Linda Tintle and Bandit
Linda and Bandit. Photo courtesy of Dr. Linda Tintle
It was 1970. I was 15. We had moved to a new home in a rural area, just a few towns over from the suburban neighborhood where I had spent a mostly idyllic childhood, but our new address may as well have been in an alternate universe. My Great Dane, Bandit, had attacked a new friend from my new high school. As we two girls approached my front door in single file with me in the lead, he bashed out the screen door, ran for me, spotted her, sprang through the air knocking her flat on her back on the ground and biting ferociously into her neck. It happened in a few instants and changed everything.
He was scheduled for euthanasia after 10 days of post-bite quarantine in our house. Bandy was my best friend in a world that was wildly out of my control. I had spent 10 days lying with my head on his chest, stroking him, murmuring through tears how much I loved him, how much I would miss him, and sobbing how terribly sorry I was for all of this.
I never doubted that euthanasia was the best choice. He had bitten me once before this episode but that had been when I had thrown my arm between him and another dog in a dogfight. I still bear the scars on my forearm from that over 50 years later. The wide-eyed look of horror on his face the moment he realized he had my arm between his jaws is one I will never forget.
He was a high strung, unpredictable, unneutered 120-lb male and I didn't have the knowledge or skills back then to properly manage his issues and give him the secure boundaries and training he would have needed. Hell, I didn't have the boundaries or discipline to manage myself in that chaotic dysfunction of the 1970s Meyer household.
My friend's very wealthy father stated that if the dog was put down, he wouldn't sue us since my friend had been terrified but her wounds were minor. But even without that threat, I couldn't live with the idea that he might more seriously injure another person, and I did not have other options. I did not have the ability to keep him or anyone safe.

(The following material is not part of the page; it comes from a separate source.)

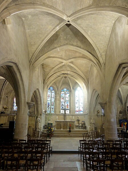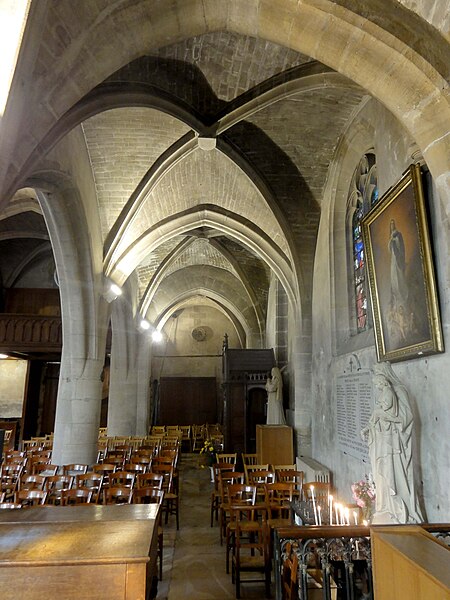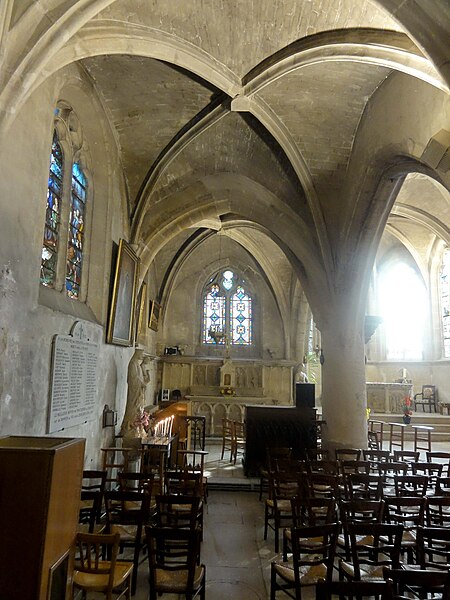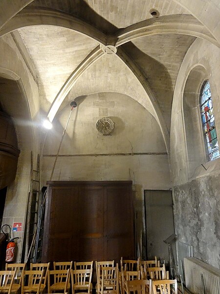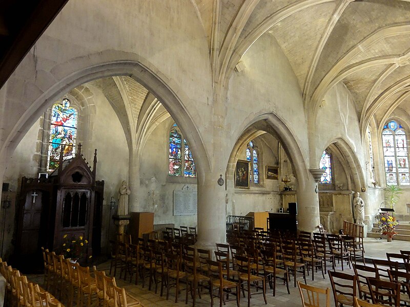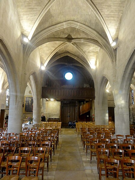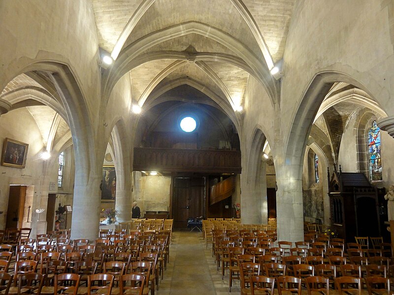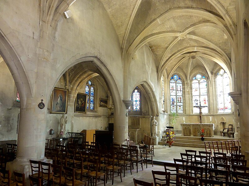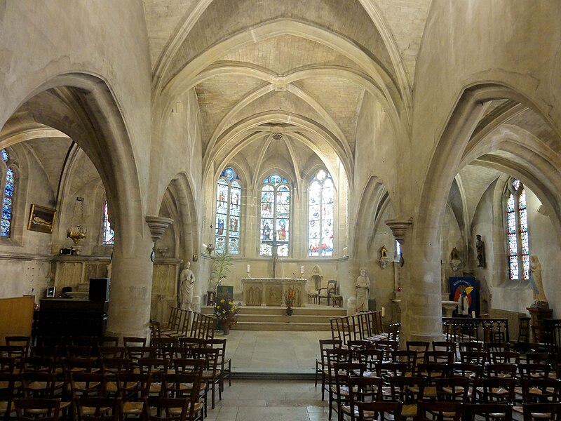 L'église Saint‑Firmin est une paroisse catholique de Vineuil‑Saint‑Firmin (Oise), située près de Chantilly, dans le Parc naturel régional Oise‑Pays de France, au nord de la rue de Senlis (RD 924) dans l'ancien village de Saint‑Firmin. L'édifice actuel a remplacé une église médiévale et a été reconstruit en une unique campagne entre 1540 et 1543 grâce au mécénat du connétable Anne de Montmorency. De dimensions modestes, son architecture relève d'un gothique flamboyant simple et harmonieux, marqué par des formes et des proportions équilibrées. L'homogénéité générale se révèle malgré une grande diversité des réseaux de fenêtres : sur quinze baies, au plus trois présentent le même dessin. Les cinq verrières historiées de la Renaissance, regroupées dans le chœur et offertes en grande partie par Anne de Montmorency et ses proches, constituent la principale richesse de l'édifice. Ces verrières, longuement attribuées à des maîtres de l'époque et restaurées sous la direction d'Auguste Steinheil en 1881‑1882, sont protégées comme objets aux titres des monuments historiques depuis 1886. L'église elle‑même a été inscrite au titre des monuments historiques par arrêté du 13 février 1970 et a bénéficié de travaux de restauration au cours de la même période. L'édifice est orienté selon un plan basilical simple : une nef accompagnée de deux bas‑côtés, un faux transept peu saillant et un chœur d'une seule travée formant une abside à cinq pans. La longueur totale atteint 27 mètres et la largeur 16 mètres, le clocher s'implantant sur la première travée du bas‑côté nord et se coiffant d'une flèche en charpente. L'intérieur est voûté d'ogives simples ; nef et croisée forment un vaisseau central homogène, sans fenêtres hautes, ce qui crée un espace relativement sombre et intime. Les ogives, de type surbaissé et prismatique, les piliers monocylindriques appareillés en tambour et les grandes arcades témoignent d'un vocabulaire sobre du dernier gothique. Les bas‑côtés reprennent les mêmes dispositions structurelles tout en offrant des baies latérales aux remplages variés, illustrant la variété des réseaux de l'édifice. Le chœur, élevé à la même hauteur que le vaisseau central mais surélevé par trois marches, présente six ogives rayonnantes autour d'une clé centrale frappée des armes d'Anne de Montmorency. Extérieurement, l'église est construite principalement en moellons hourdés, avec un moyen appareil et des éléments de pierre de taille pour les contreforts, les encadrements et la corniche ; seules quelques croix d'antéfixe offrent un décor sculpté de style flamboyant. Le portail latéral, en anse de panier, est entouré d'une niche abritant une statue polychrome de saint Firmin céphalophore ; de petits griffons flanquent l'entrée, sans que leur datation soit certaine. Le clocher, implanté de façon inhabituelle au nord du vaisseau, présente une tourelle d'escalier ronde et un étage de beffroi sobre, compensés par la finesse de sa flèche en charpente. L'église conserve un mobilier riche : outre les verrières, plusieurs statues et tableaux anciens sont classés ou protégés. Parmi les statues figurent un saint Jean en bois et un Ecce Homo en bois, classés et restaurés en 1944, ainsi que deux statues en marbre de saint Jacques et de sainte Marie‑Madeleine, classées depuis 1912 ; la Vierge de douleur en bois et une statue d'un saint évêque complètent l'ensemble. Les tableaux comprennent notamment une Éducation de la Vierge attribuée à un maître anonyme de l'école française du XVIIe siècle, restaurée en 2003, ainsi que plusieurs toiles des XVIIIe et XIXe siècles, certaines restaurées récemment. Le mobilier comporte aussi une cloche parrainée par le duc et la duchesse d'Aumale, un monument aux morts communal, des fonts baptismaux installés en 1860, des châsses en cuivre doré et un maître‑autel néogothique offert par la famille Willequez et consacré en 1866. Plusieurs dalles et plaques funéraires anciennes, dont celle de Guillaume Siby et d'Élisabeth Le Roy et la dalle de Louis de Butor, ont été conservées et redressées dans la chapelle des fonts baptismaux ou le bas‑côté sud. L'historique liturgique et paroissial reflète les bouleversements de l'époque moderne : après des regroupements de paroisses au sortir de la guerre de Cent Ans, l'édifice fut rebâti au XVIe siècle, endommagé pendant la Révolution et restauré au XIXe siècle. Au XIXe siècle, la vente envisagée des fragments de vitraux pour financer des réparations n'aboutit pas et les fragments furent reconstitués dans les cinq baies du chœur vers 1840 ; la sacristie date de 1855 et la tribune de 1868. Le hameau de Vineuil a pris le nom de Vineuil‑Saint‑Firmin en 1909 et dispose d'une petite chapelle néoromane transformée au XIXe siècle, aujourd'hui fermée pour raisons de sécurité. L'église n'a plus de prêtre résident depuis la mort de l'abbé Fernand Verté en 1991 et dépend désormais de la paroisse Sainte‑Famille de Chantilly ; les messes dominicales y sont généralement célébrées environ deux fois par mois, le dimanche à 9 h 30. Les vitraux du chœur présentent une iconographie hagiographique et biblique riche — scènes de la crucifixion, arbre de Jessé, saints patronaux et figures de donateurs — et leur attribution à un atelier précis reste discutée dans la bibliographie. Les baies des bas‑côtés ont quant à elles été, pour la plupart, refaites au XIXe siècle et comprennent des verrières historiées et ornementales réalisées après la restauration des verrières du chœur. L'accès à l'église s'effectue depuis un parvis en terrasse accessible par au moins sept marches, la rue de Senlis et le sentier de l'Église entourant l'édifice ; seules l'élévation méridionale et une partie du chevet sont aisément visibles depuis la voie

I was a freshman in high school. I did not get on the bus that morning, the only day that I missed that school year. My mother drove me to Dr. Meincke's office near our old home. I had grown up in the shadow of the veterinary hospital that had bordered our old neighborhood. He had helped me get my Girl Scout badge in animal first aid and restraint. I trusted and admired him. The man never turned away a neighborhood child with an injured bird or squirrel and he shaped how I saw veterinarians and the profession.
We did it on the cement porch outside the hospital entry. He had me squat next to Bandy, hold out the dog's big leg and hold off the vein. I can still vividly recall the bloom of red blood back into the syringe as he checked to see that he was in the vein. He injected the thick solution and time slowed. I gradually felt Bandit slump toward the ground. Time returned to normal speed as I heard my mother wailing and crying hysterically behind Dr. Meincke. As I curled down to cradle Bandit's loose dying body, Dr. Meincke gently lifted me and told me to go comfort my mother, that she needed me more than Bandit did.
I raged internally, a capped off volcano. Mentally screaming in pain at a cruel god, at my mother who should have been there to comfort me instead of vice versa, at everything. Mom drove me to school from there. I approached the principal's office to explain my tardiness. The secretary irritably asked me to explain why I was so late. “I just killed my f*cking dog,” my teenage fury spewed in her face before I blindly ran to my next class.
I thought of all this today as I euthanized a dog with end-stage cancer. As the blood bloomed back into the syringe, I helped him pass over the rainbow bridge as his human wept. Merry meet, merry part, and merry meet again.